Records supplied
______________________________

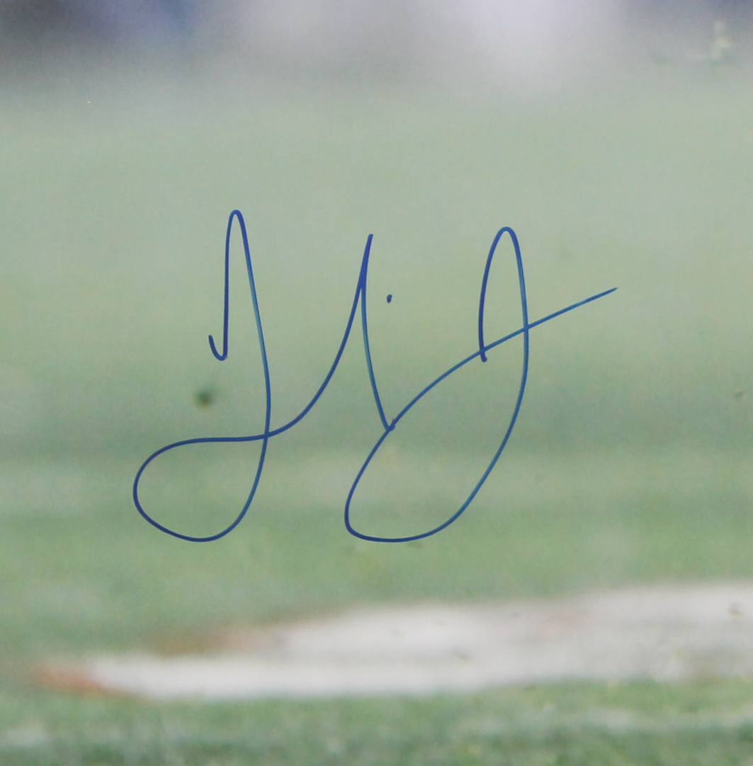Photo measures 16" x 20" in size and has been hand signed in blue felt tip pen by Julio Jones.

______________________________

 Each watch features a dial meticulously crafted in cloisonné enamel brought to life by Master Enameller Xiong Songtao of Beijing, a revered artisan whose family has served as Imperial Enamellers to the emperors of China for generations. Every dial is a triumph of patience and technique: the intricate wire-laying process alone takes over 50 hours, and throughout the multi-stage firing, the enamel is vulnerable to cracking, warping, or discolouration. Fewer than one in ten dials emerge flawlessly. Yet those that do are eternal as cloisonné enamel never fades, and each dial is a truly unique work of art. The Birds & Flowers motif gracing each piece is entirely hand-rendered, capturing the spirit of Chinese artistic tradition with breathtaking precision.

______________________________

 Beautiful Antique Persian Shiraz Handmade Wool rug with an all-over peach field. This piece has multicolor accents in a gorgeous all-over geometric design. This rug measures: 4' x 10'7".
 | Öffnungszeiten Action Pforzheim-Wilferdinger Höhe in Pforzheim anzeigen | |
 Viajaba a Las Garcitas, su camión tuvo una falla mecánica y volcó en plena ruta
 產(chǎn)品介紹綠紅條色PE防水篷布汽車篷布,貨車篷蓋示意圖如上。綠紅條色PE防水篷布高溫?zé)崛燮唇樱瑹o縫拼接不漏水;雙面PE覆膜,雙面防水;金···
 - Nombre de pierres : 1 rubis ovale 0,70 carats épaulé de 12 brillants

______________________________

What is expected
Since only part of the listing is wanted, copy exactly the lines from the one holding "Beautiful Antique Persian" to the one holding "- Nombre de", both included.

Result
 Beautiful Antique Persian Shiraz Handmade Wool rug with an all-over peach field. This piece has multicolor accents in a gorgeous all-over geometric design. This rug measures: 4' x 10'7".
 | Öffnungszeiten Action Pforzheim-Wilferdinger Höhe in Pforzheim anzeigen | |
 Viajaba a Las Garcitas, su camión tuvo una falla mecánica y volcó en plena ruta
 產(chǎn)品介紹綠紅條色PE防水篷布汽車篷布,貨車篷蓋示意圖如上。綠紅條色PE防水篷布高溫?zé)崛燮唇樱瑹o縫拼接不漏水;雙面PE覆膜,雙面防水;金···
 - Nombre de pierres : 1 rubis ovale 0,70 carats épaulé de 12 brillants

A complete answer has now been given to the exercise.